Cheryl Clark, for HealthLeaders Media, July 25, 2013

Tilburt and colleagues launched the survey project in June, 2012 because, he says, physicians largely direct the intensity and extent of the care their patients receive, and as such are increasingly looked upon to be good stewards, and avoid advising unnecessary tests and procedures.  

"The landscape is changing so much, we felt it was reasonable to get a baseline to assess physicians' opinions in depth," he says.  

The questionnaire prompted 2,556 doctors to identify which segments of the healthcare industry—trial lawyers, insurers, pharmaceutical and device manufacturers, hospitals, patients, government, individual doctors, professional societies or employers—had "major," "some," or "no" responsibility to reduce healthcare costs.  

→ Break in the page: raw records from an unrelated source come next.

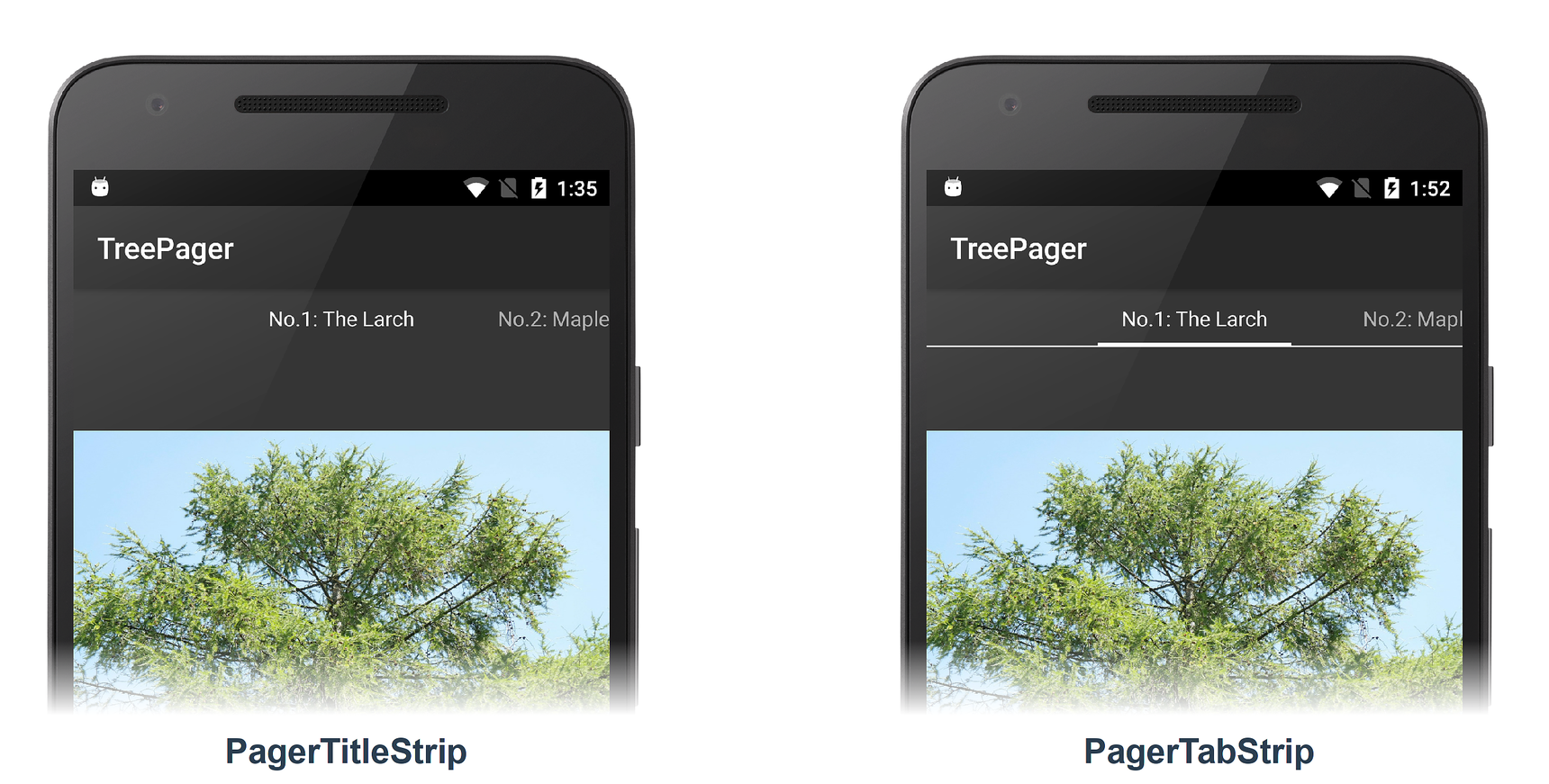 TreePagerapp is developed to demonstrate how to useViewPagerto display views of a tree catalog (an image gallery of deciduous and evergreen trees).PagerTabStripandPagerTitleStripare used to display titles that help with page navigation.In Viewpager with Fragments, a slightly more complex FlashCardPager app is developed to demonstrate how to use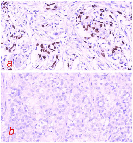 (a) ATF1-positive HCCC (magnification 40×), (b) ATF1-negative MEC (magnification 40×).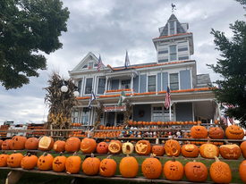 Kenova, 2021. október 29. A halloween alkalmából faragott töklámpások sorakoznak a nyugat-virginai Kenovában lévõ Pumpkin House (Tökház) épülete elõtt 2021. október 25-én. A kelta kultúrából eredõ halloween a boszorkányok, kísértetek és egyéb szellemek ünnepe, amelyet október 31-én, mindenszentek elõestéjén ünnepelnek.
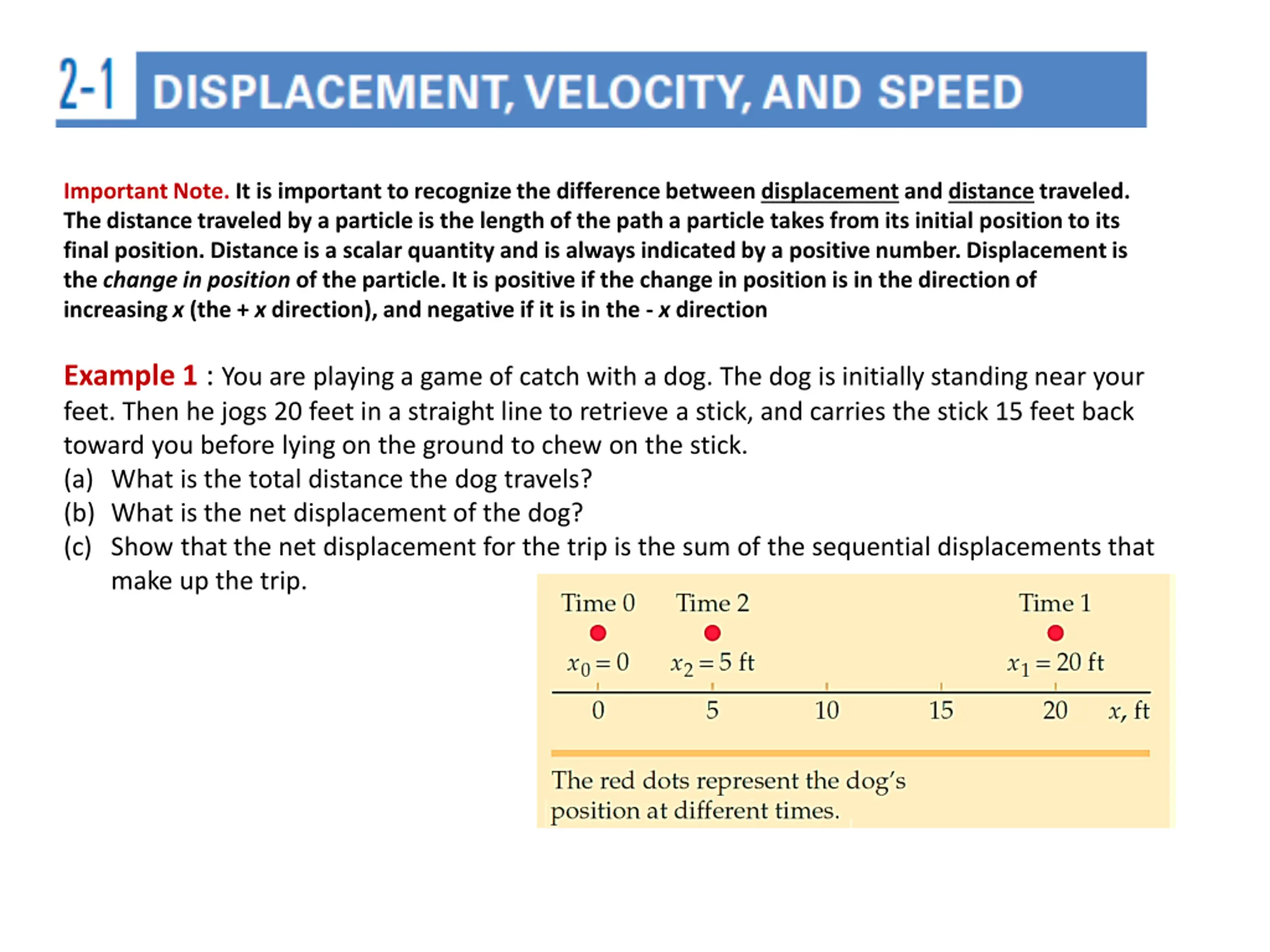Important Note. It is important to recognize the difference between displacement and distance traveled. The distance traveled by a particle is the length of the path a particle takes from its initial position to its final position. Distance is a scalar quantity and is always indicated by a positive number. Displacement is the change in position of the particle. It is positive if the change in position is in the direction of increasing x (the + x direction), and negative if it is in the - x direction Example 1 : You are playing a game of catch with a dog. The dog is initially standing near your feet. Then he jogs 20 feet in a straight line to retrieve a stick, and carries the stick 15 feet back toward you before lying on the ground to chew on the stick. (a) What is the total distance the dog travels? (b) What is the net displacement of the dog? (c) Show that the net displacement for the trip is the sum of the sequential displacements that make up the trip.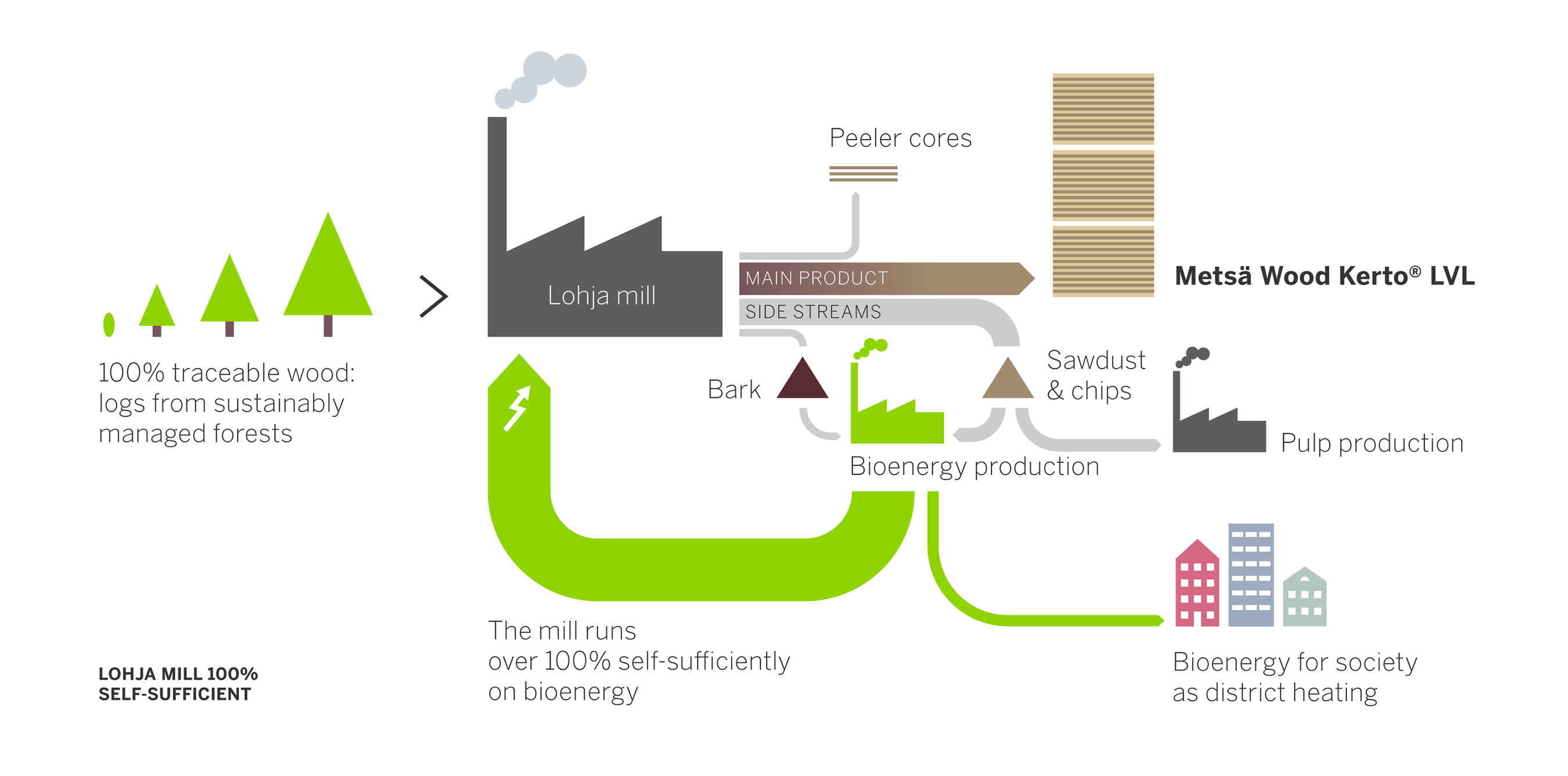 The Metsä Wood mill in Lohja is a great example of the joint production of construction products and bioenergy. First, as much of the wood as possible is used for Kerto LVL. Part of the sawdust and wood chips generated in processing the engineered wood are used for pulp, and the rest for bioenergy production. A bio heating plant has been built next to the mill in order to capture the full potential of the production. The heat energy produced at the plant covers the needs of the mill – and the excess is provided to help meet the needs of the surrounding town, which makes the Lohja Kerto LVL mill 100% energy self-sufficient. The heat produced for district heating compensates for the purchase of electricity needed for the mill’s operation.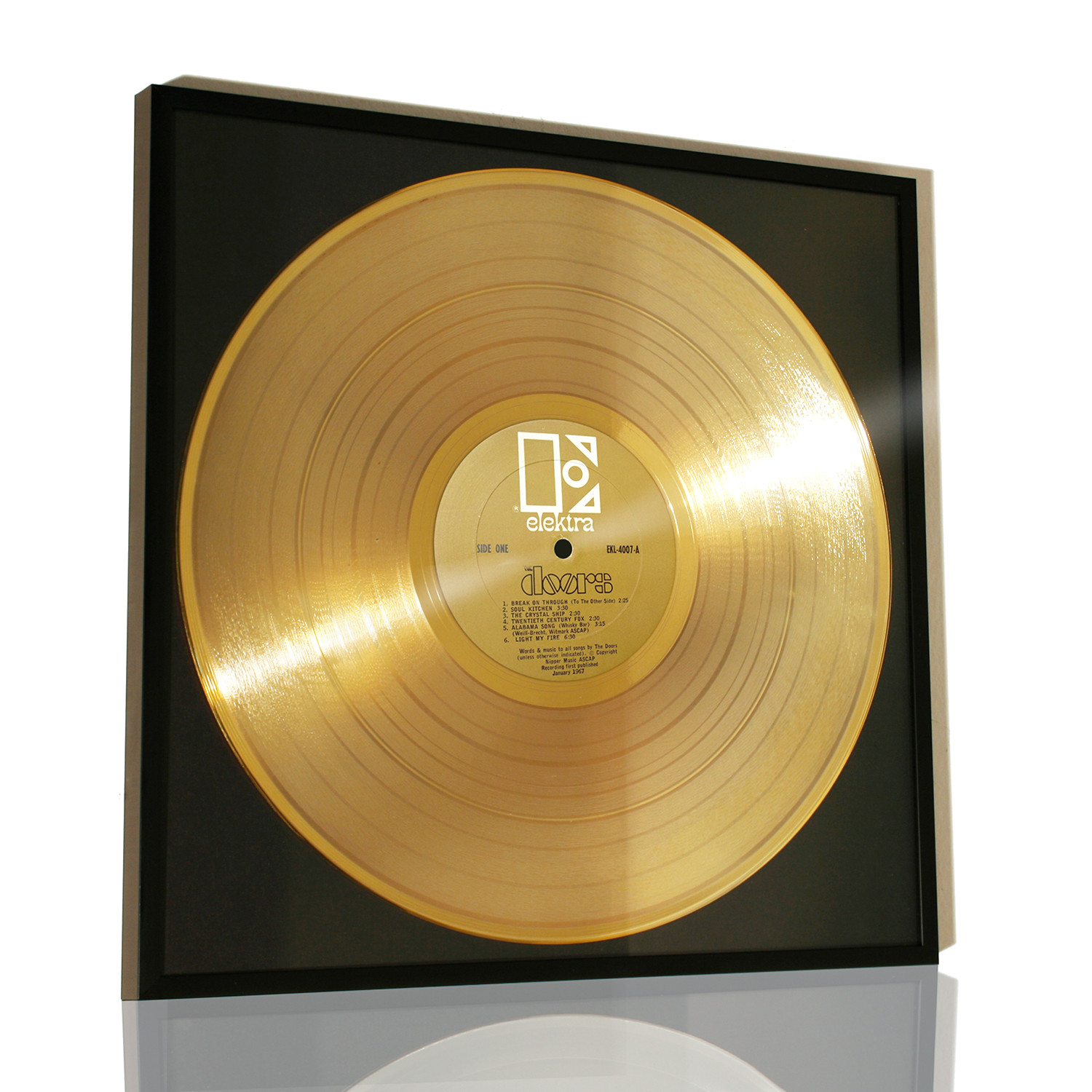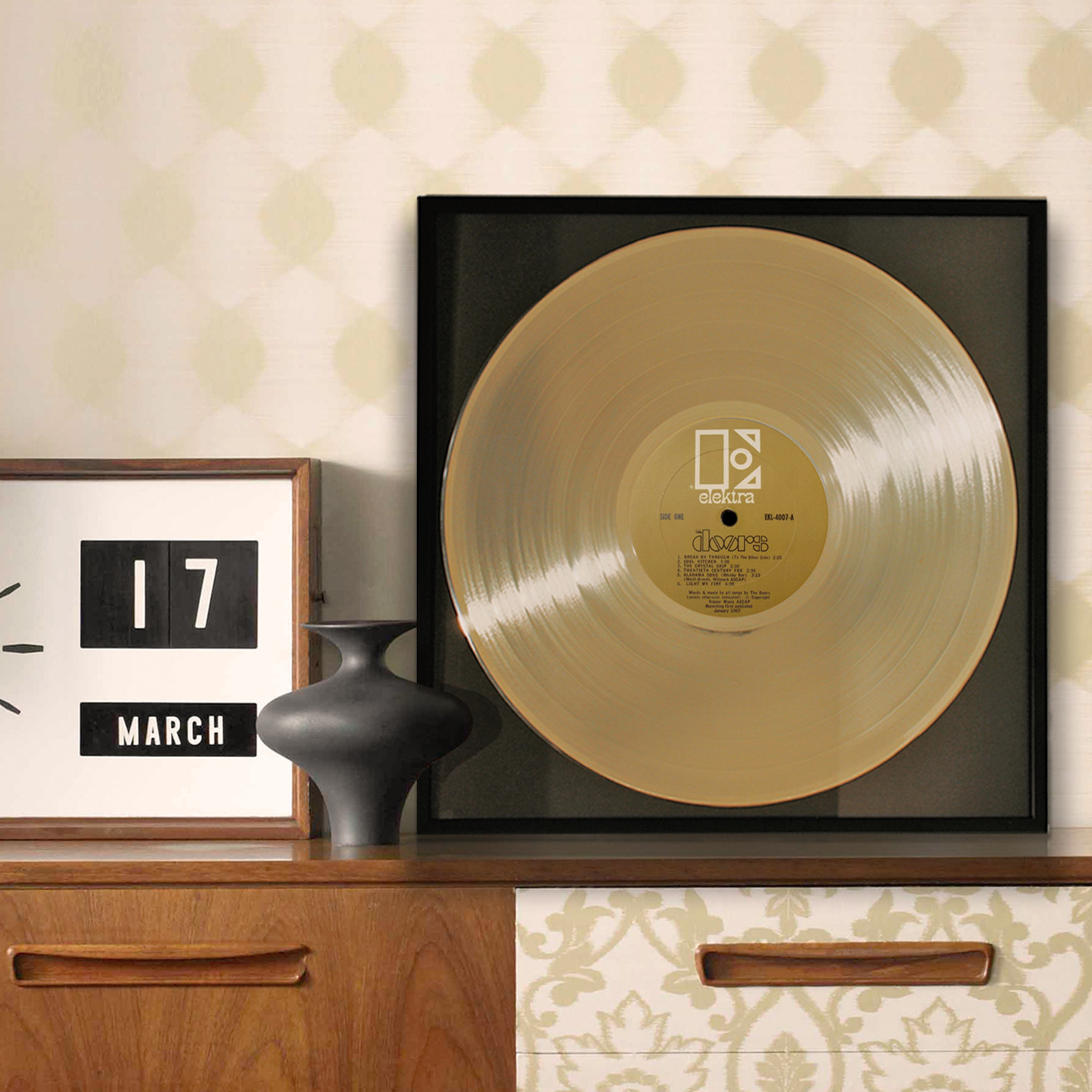 Here's your chance to own a gold plated record commemorative display of your favorite musical artist. The Door's first album has a bright mirror-like finish that is a real eye catcher when you walk into a room with one of these on the wall. These one-of-a-kind displays are produced from a multi-step electroplating process (not sprayed, painted or dipped), just as real record awards are made. All the records are vintage materials purchased on the open market and produced as a collectible. The protective varnishing will guarantee that the record will never fade, corrode or tarnish. It's finished with a black anodized aluminum frame and front polycarbonate protection.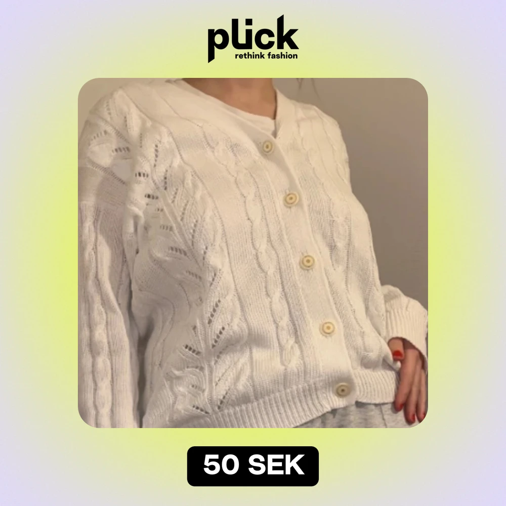 Lite oversized kritvit ribbad kofta. Köpt second hand.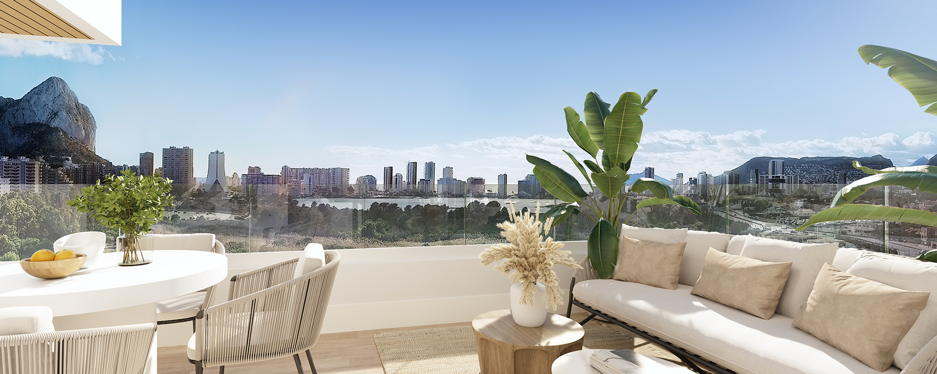 Con una arquitectura singular, dos edificios de 10 plantas de altura albergarán pisos de obra nueva de 2 y 3 dormitorios, en cuyas terrazas podrá deleitarse del buen clima y las vistas de Calpe.

Responders also were asked whether they were "very," "somewhat," or "not" enthusiastic about the ability of certain strategies to reduce costs, such as continuity of care, rooting out fraud and abuse, coordinating care, preventive care, expanding EHR, expanding quality and safety data access, or promoting trials of competing treatments.

The survey findings are published in the Journal of the American Medical Association.

Tilburt says one finding from the survey surprised him, and indicated that physicians may be talking "out of both sides of their mouths" in the way they answered two questions.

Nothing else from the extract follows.